The case involving the lawyer, Gregory B. Craig, was transferred in January from federal prosecutors in New York to those in Washington. The previously undisclosed move was driven by Justice Department officials in Washington, and reflects an eagerness within the department to prosecute violations of lobbying laws after the special counsel, Robert S. Mueller III, focused on foreign influence in his investigations.

A decision about whether to prosecute Mr. Craig, who was White House counsel for President Barack Obama during his first year in office, is expected in the coming weeks, people familiar with the case said. The investigation centers on whether Mr. Craig should have disclosed work he did in 2012 — while he was a partner at Skadden, Arps, Slate, Meagher & Flom — on behalf of the Russia-aligned government of Viktor F. Yanukovych, then the president of Ukraine.

The work was steered to Mr. Craig by Paul Manafort, who was then a political consultant collecting millions of dollars from clients in former Soviet states. Mr. Manafort, who went on to become President Trump’s campaign chairman in 2016, was sentenced this month to seven and a half years in prison on charges brought by Mr. Mueller’s team related to obstruction of justice and violations of banking, tax and lobbying laws stemming from his work in Ukraine.

The Manafort case, and others developed by Mr. Mueller, marked the first high-profile criminal charges in years under the Foreign Agents Registration Act, or FARA. The 1938 law requires Americans to disclose detailed information about lobbying and public relations work for foreign governments and politicians.

It had rarely been used in prosecutions, even as prominent Washington lobbyists, consultants, lawyers and former public officials collected ever-larger, often six- and seven-figure paydays from foreign interests looking to burnish their sometimes unsavory reputations in the United States capital.

Mr.
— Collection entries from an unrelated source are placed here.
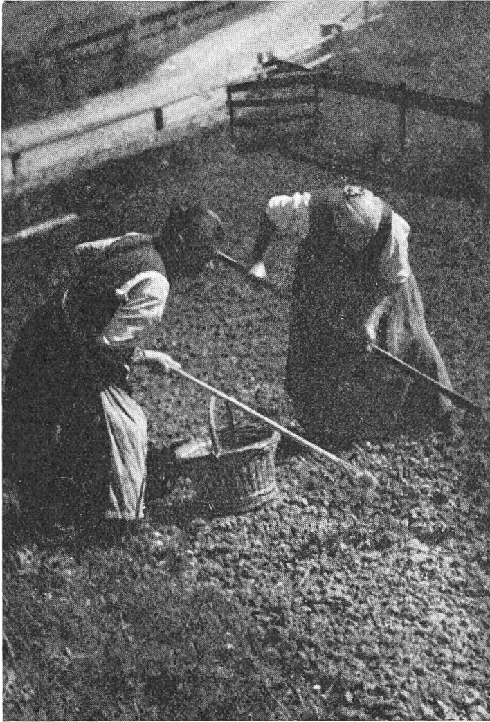
Unermüdlige Hände bei der Kartoffelernte

Kühl war es in der kleinen Bergkirche. — Marieli kniete ganz allein in den vordersten Bänken und betete. Es hatte der Muttergottes so viel zu sagen und viel zu danken. „Liebe Muttergottes, ich habe Dir einmal in großer Not angehalten, Du wollest mir helfen, daß ich Verzeihung erlange. Du hast mir mehr gegeben. Ich danke Dir.“ In so schlichten Worten redete es im Stillen, und versprach, sein Leben immer vor ihr auszubreiten und in ihren Schutz zu stellen. Lange Zeit kniete Marieli dort. Es hörte kaum, wie hinten ein schwerer Männer-
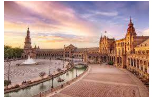
La Plaza de España
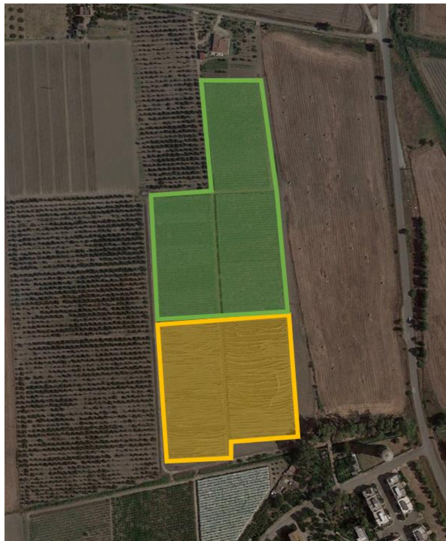
Figura 1 - Superficie coltivata a Uva Italia (verde) e nuovo impianto di uva apirene (giallo).

Tutta la produzione è stata sempre destinata al mercato italiano dell'ingrosso.
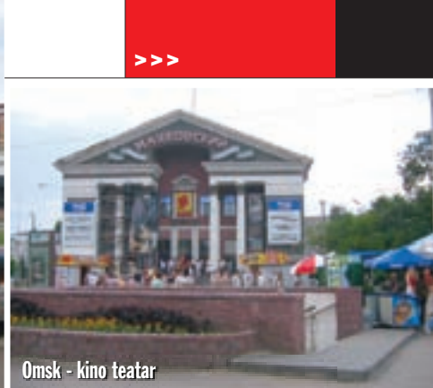
Omsk - kino teatar
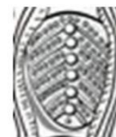
brățară din aur, Grădiștea de Munte

Planta vieții (simbolizând nemurirea) poate fi vița de vie (pentru că nu e moartă), dar și iedera (veșnic verde). Așa apare în arta geto-daco-tracă, dar și pe Cazanul din Danemarca.
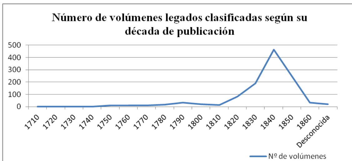
Gráfico 1: Número de volúmenes legados clasificados según su década de publicación.
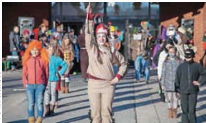
Tudi kamniške mažoretke so se zamaskirale.
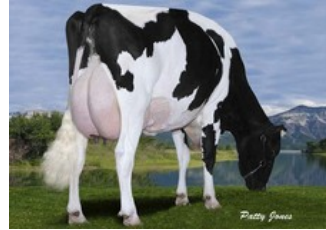
Gen-I-Beq Goldwyn Secret RC VG-87
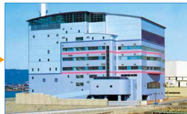
青岸クリーンセンター
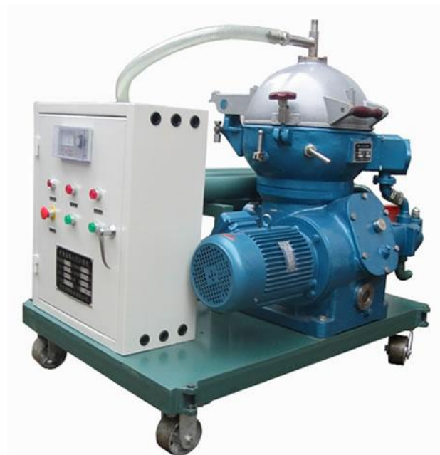
Установка для очистки центробежных фильтров
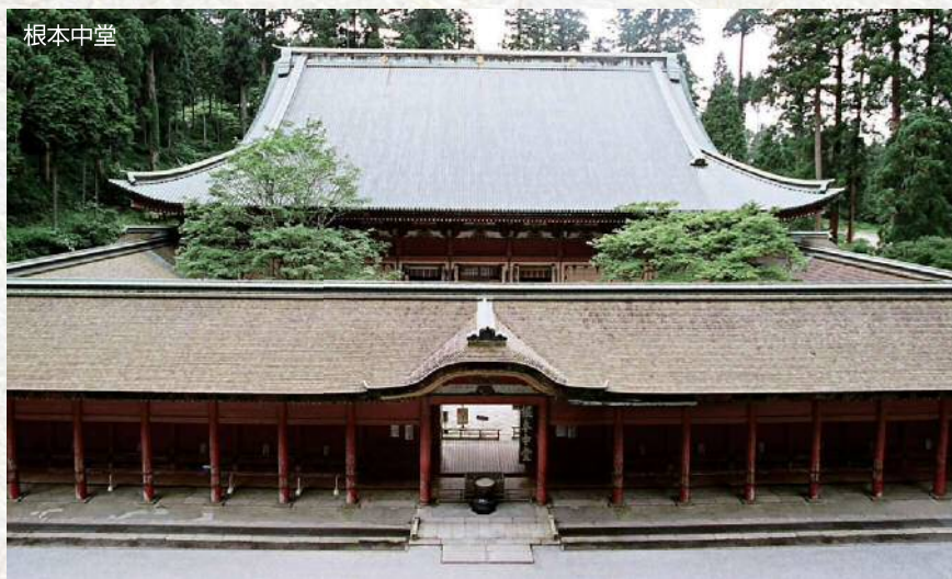
根本中堂は現在改修中です

国宝の根本中堂並びに重要文化財の廻廊を平成二十八年度から約十年かけ大改修を行っています。今回の視察では、比叡山延暦寺の僧侶による根本中堂の特別な案内・説明や、約1700haにもおよぶ延暦寺所有林の山林経営についてもご説明頂きます。普段立ち入ることのできない工事用の足場に入り、間近で巨大な木組みや装飾をご覧頂くことができます。この機会に是非ご参加ください。
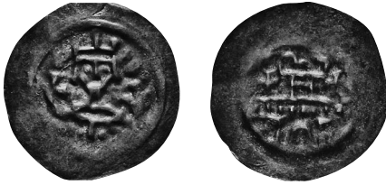
Abb. 6: Annweiler am Trifels. Einseitiger Pfennig, ca. 1250. 15 mm // 0,42 g. Vs.: Gekröntes Brustbild von vorn, rechts und links ein Kreuzstab. Rs.: Burgmauer, darüber ein Zinnturm, links und rechts ein Kreuz. Scherer/Ehrend, Die Münzen von Annweiler-Trifels , Nr. 34/42. IKMK Berlin – Objektnr. 18269869.

Wie steht es nun mit der „städtischen Münzprägung“ in Annweiler? Annweiler (1219) steht am Beginn einer Reihe mit dem Münzrecht beliehener Städte: Bern (1224), Lübeck (1226), Mühlhausen (1251) und Oppenheim (1255). Allgemein hat sich während der Stauferzeit die deutsche Münzstättenlandschaft erheblich gewandelt: Waren zwischen 1140 und 1197 noch etwa 225 Münzstätten aktiv – davon 106 geistliche, 81 weltliche und 28 königliche – erhöhte sich ihre Anzahl zwischen 1197 und 1260 auf etwa 471 – davon 152 geistliche, 277 weltliche, 37 königliche und 5 städtische. 45 Auch wenn sich die Anzahl der königlichen Münzstätten also insgesamt erhöhte, wurden diese dennoch weitgehend aus der Münzprägung verdrängt, da sich die Anzahl weltlicher und geistlicher Münzstätten in noch größerem Maße vermehrte. Auch stellten städtische Münzstätten gerade einmal kümmerliche 1,06 % aller Prägeorte, während sie in Italien den Großteil der prägenden Institutionen ausmachten. Dabei lassen sich jedoch nicht alle Prägestätten einwandfrei belegen, einige wurden anteilig von einem weltlichen und einem geistlichen Münzherrn genutzt ( Kondominium ) und die Prägevolumen lassen sich bestenfalls statistisch über die Menge der gebrauchten Stempel erschließen, da über die Größe der Emissionen noch nicht Buch geführt wurde.
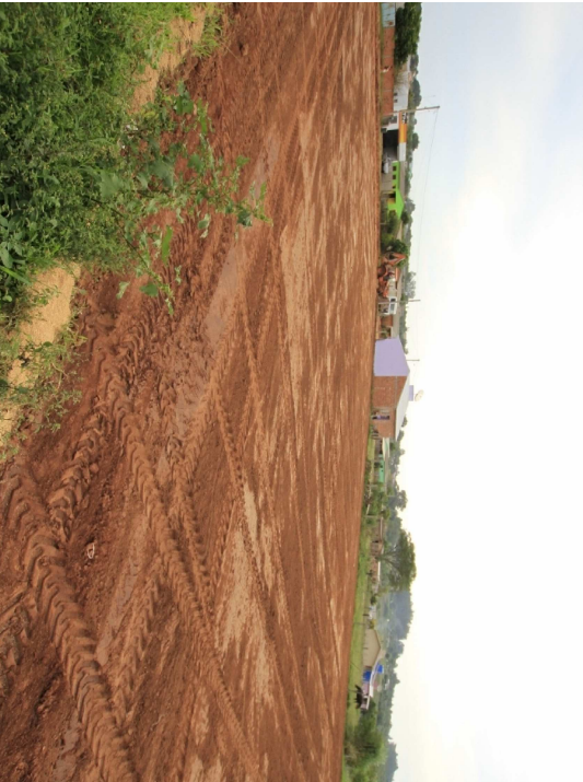
FOTO DO TERRENO 3
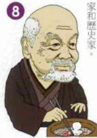
8 三宅 雪嶺 Setsurei MIYAKE [1860~1945]

在日本國內，最且以個人名義籌 辦社會福利事業的第一人。 終其一生奉獻於社會福利活動。
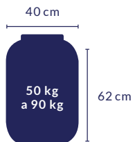
BOMBONA DE 60 LITROS

CUIDADO: devido à grande diversidade de pilhas e baterias portáteis pós-consumo, a massa armazenada pode variar bastante. Preste atenção no peso máximo que a embalagem suporta!
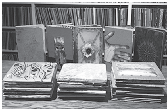
Bookly Art Library所展示的素描簿完成品 ( https://www.culturalweekly.com/brooklyn-art-library-sketchbook-project/ )
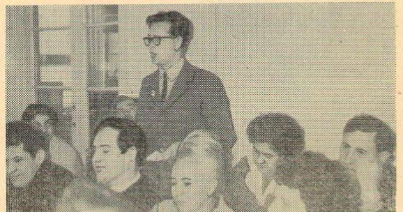
— А нельзя ли английский сделать заочным? — жгучая проблема.

Руководители нескольких роно в один голос спрашивают, до каких пор преподаватели биологии, презирающие в школы, не будут уметь работать на пришкольном участке? Школа в селе объединяет не просто учащихся, но и членов ученических производственных бригад. — К сожалению, вы-
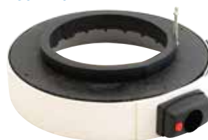
CAPPA ASPIRANTE PER TRASCINATORE
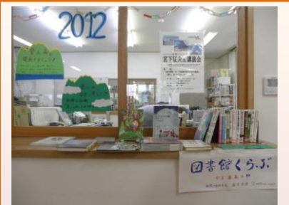
付知：五月 スイスの山の本展示♪
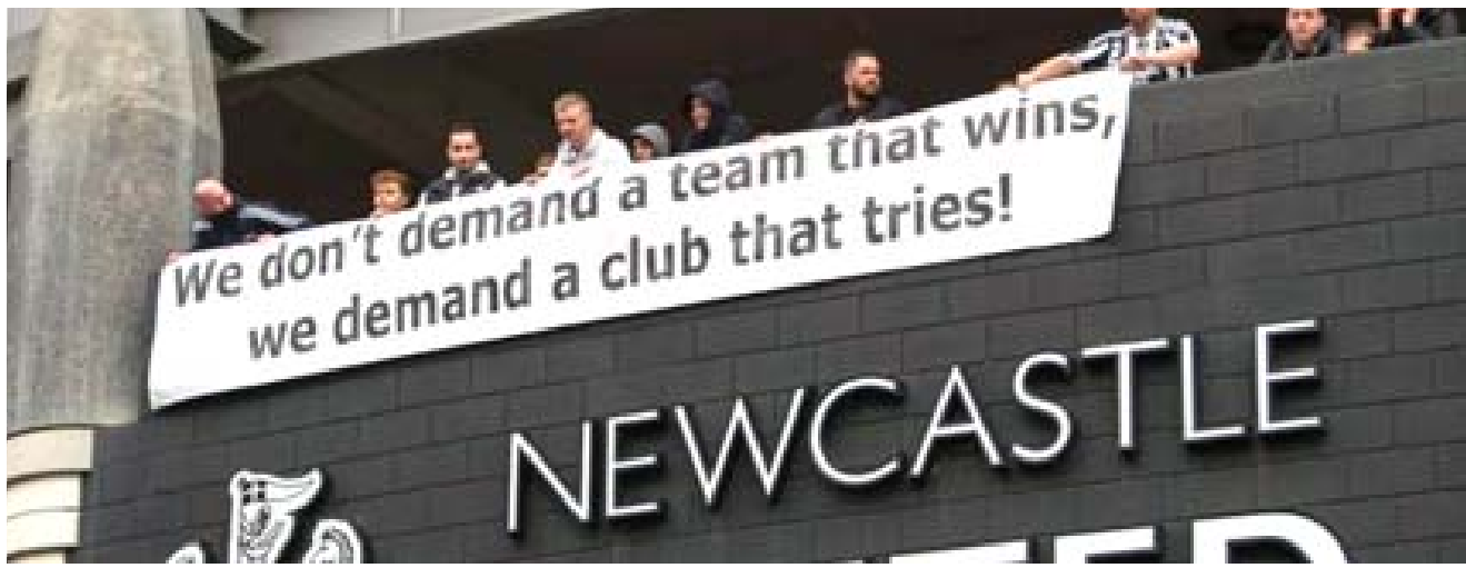
لافتات : مجتمعون يرفعون لافتات فوق مبنى النادي

حسابات البعض على تويتر وتداول آخرون فيديوهات لرقصة العرضة السعودية. وبدأ البعض بكتابة لائحة من المتطلبات التي يتخون أن يرونها في النادي، كملعب جديد وصفقات لاعبين من العيار الثقيل. والمتفقون راوا أن فرحة جماهير نيوكاسل بان سيرحل قريباً، قد تكون مبررة، لكن حسابات البعض لإنتهاكات حقوق الإنسان المزعومة من قبل المملكة العربية السعودية مخيف حقاً. كعبارة رياضية، هو موجود من أجل البقاء لا أكثر.
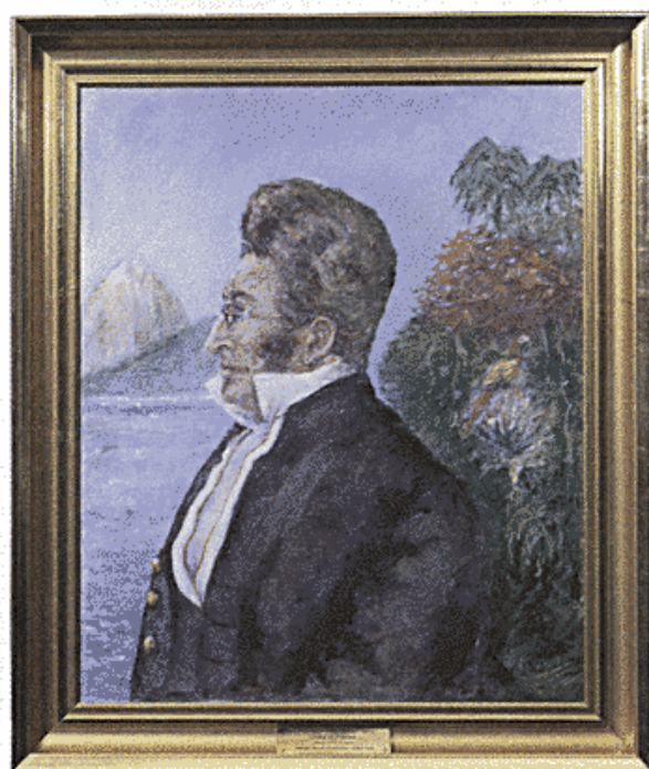
Portræt af P. W. Lund. Malet efter en ældre tegning ca. 1990 af slægtningen P. V. Lund. Botanisk Museum.

egen opfattelse fremsat 30 år tidligere i de allerede nævnte artikler.
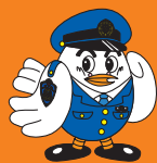
埼玉県警察マスコット「ポッポくん」
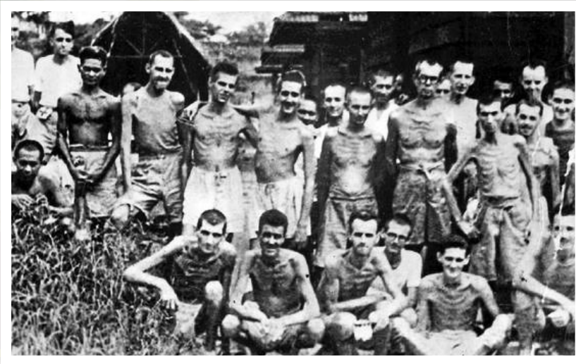
▲被日軍俘虜的加拿大軍人。

1938年：議員動議，促請聯邦政府廢止與日本簽訂的日本移民條約。同時把省議會中，提出反對日本人與華人入境卑詩省的意見，載入記錄。動議通過。
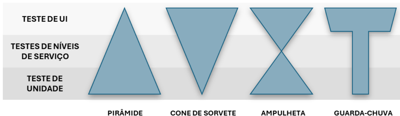
Figura 1: Exemplos de distribuições de teste

conjunto de automação de teste de interface do usuário, a redução do tempo de execução dos testes e o aumento da estabilidade.
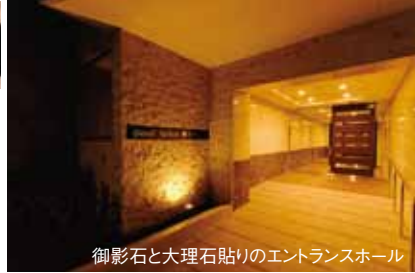
御影石と大理石貼りのエントランスホール
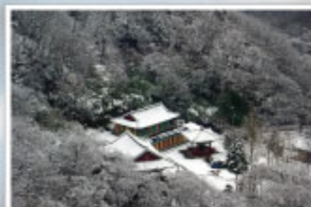
법 천 사

송달산에 위치하여 등산객들과 암자를 찾는 이들에게 휴식처이자, 정제된 공간으로서 장소를 제공하고 있다. 주변에는 영산강, 끝 없이 펼쳐지는 다도해가 장관을 이루고 있어 또다른 즐거움을 준다. 암자인 묵우암 경내에는 법당 및 요사채, 축성각, 석등 부도가 있으며 법당 안에 봉안되어 있는 삼존불은 지불로써 현재 문화재 자료 제172호로 지정 관리되고 있다.
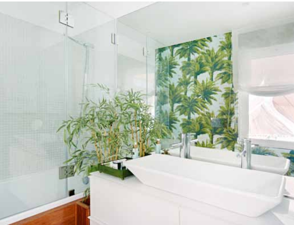
CASA DE BANHO Pastilha, papel de parede, da Pierre Frey, e bambu, da Tuka Bamboo, como revestimento. Lavatório Sanindusa.
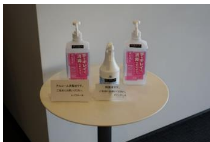
消毒液(ホール入口・トイレなど)
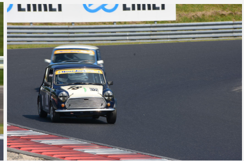
5位 BGRレーシングイエローキャブ 高橋宏 竹知克征
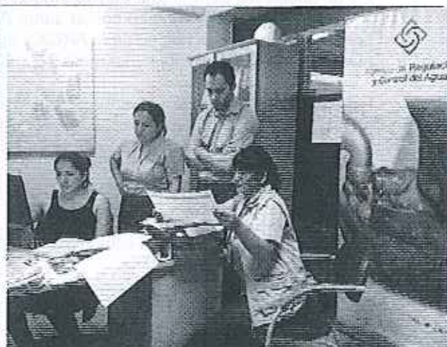
Ilustración 1. Verificación de la información del Anexo 2 en el GADM de Gualaquiza.

Manafort’s case, and the investigations into Mr. Craig and other high-profile consultants who worked with Mr. Manafort, have left Washington’s K Street lobbying corridor scrambling to deal with the heightened scrutiny.

The Justice Department recently signaled that its enforcement efforts were just getting started, indicating that scrutiny of foreign influence in American politics will continue after Mr. Mueller’s investigation, which began with a focus on Russian meddling in the 2016 presidential election and possible coordination with the Trump campaign.

One of the first significant initiatives under the new attorney general, William P. Barr, was the reorganization of the unit that oversees FARA, suggesting that enforcing laws on foreign lobbying will become a priority of his tenure.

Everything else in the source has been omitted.